When pain shows up we need to back off right away. Figure out if it is going to get worse when you cool off, see if it swells, bruises, or just gets better right away.

- The Good: “I felt a little pain in my back during that squat, I’m going to go relax for a bit and see how it feels.”

- The Bad. “I felt a little pain in my back during that squat, I’m going to go up in weight and see how it feels.”

-The Ugly: “I felt a little something at 100kg and then went up to 120kg and now it really hurts.”

Second, “Work around the painful area to stay active and stimulate recovery until the pain goes away.”

You don’t need to do nothing. We can always find something to do and many times we can take advantage and work on some weaknesses that we haven’t had time for during a full-time training program.

- The Good: “I’ll work on other things until it feels better.”

- The Bad: “I’ll just train through the pain.”

- The Ugly: “My back has been hurting for about a month now and I’ve just been training through it but now I can barely get up out of bed or sit at my desk longer than 10 minutes without it hurting.”

Third, “Spend at least equal amount of time building back up to your original training.”

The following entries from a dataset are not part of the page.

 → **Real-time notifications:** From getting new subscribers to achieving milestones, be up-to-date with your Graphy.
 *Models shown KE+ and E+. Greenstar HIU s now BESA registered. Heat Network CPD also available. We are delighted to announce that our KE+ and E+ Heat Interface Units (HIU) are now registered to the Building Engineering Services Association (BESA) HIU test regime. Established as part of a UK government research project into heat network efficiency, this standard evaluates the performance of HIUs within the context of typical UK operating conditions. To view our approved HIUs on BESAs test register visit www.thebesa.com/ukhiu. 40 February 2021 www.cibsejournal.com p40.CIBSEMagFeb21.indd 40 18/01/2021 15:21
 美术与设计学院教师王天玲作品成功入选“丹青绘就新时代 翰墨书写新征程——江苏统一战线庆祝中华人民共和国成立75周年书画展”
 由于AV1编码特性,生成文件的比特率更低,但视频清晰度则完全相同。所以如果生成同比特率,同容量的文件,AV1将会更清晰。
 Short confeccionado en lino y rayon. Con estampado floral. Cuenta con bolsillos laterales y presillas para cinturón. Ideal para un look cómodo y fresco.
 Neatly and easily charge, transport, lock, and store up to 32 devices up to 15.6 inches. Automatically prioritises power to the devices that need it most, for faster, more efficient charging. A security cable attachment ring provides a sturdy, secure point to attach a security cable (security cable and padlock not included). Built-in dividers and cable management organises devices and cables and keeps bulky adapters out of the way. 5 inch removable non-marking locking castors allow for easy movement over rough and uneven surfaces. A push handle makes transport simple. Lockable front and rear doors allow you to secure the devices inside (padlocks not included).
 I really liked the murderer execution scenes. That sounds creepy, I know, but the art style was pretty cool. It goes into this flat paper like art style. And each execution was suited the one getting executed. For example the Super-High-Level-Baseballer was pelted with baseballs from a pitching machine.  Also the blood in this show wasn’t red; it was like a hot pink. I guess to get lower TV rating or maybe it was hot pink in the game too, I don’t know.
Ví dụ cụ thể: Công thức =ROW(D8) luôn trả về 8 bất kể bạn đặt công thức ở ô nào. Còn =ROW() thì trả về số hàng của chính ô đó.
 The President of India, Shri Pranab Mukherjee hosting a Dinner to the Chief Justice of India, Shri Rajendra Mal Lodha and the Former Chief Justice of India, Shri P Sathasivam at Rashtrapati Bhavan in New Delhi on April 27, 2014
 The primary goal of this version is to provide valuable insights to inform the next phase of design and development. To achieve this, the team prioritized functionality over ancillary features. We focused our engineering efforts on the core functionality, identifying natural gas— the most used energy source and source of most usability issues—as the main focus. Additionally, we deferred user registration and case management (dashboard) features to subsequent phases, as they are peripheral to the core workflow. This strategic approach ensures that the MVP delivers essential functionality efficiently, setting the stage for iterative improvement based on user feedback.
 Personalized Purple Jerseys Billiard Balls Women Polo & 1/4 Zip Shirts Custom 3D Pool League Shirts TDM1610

Meaning, if you took 5 days off then you need to spend at least another 5 days working back up to what you were doing. As in, we hurt it at 100kg and we took 5 days off to train around it. So, Day 1 of being back, to no pain training, we start at 50% or 50kg, Day 2 60% or 60kg, Day 3 70%, Day 4 80%, Day 5 90%, and then we are back to where we were at the original time of the injury. We test out 100kg and if all feels good we get back into regular training.

- The Good: “I’ll slowly work my way back up to my regular training.”

- The Bad: “I feel great and want to take advantage of my back not hurting and go heavy on Day 1!”

- The Ugly: “I felt good so I went heavy too fast and now my back hurts again. So I'll have to take more time off now.”


Now, this approach doesn’t always work but it does a majority of the time. Like I said earlier, the best course of action is to see a professional and have them access you and get you on the track to recovery. When you don’t have that luxury and/or the pain doesn’t feel too serious at the time, try this approach and see how it works for you.

What I do know is that when athletes train through the pain it typically becomes way worse and eventually is more detrimental to their training than just backing off for a few days to a couple of weeks. In the long run, the backing off has little to no effect on them getting better but the continuous injuries and/or making injuries worse have a large negative impact on their progress.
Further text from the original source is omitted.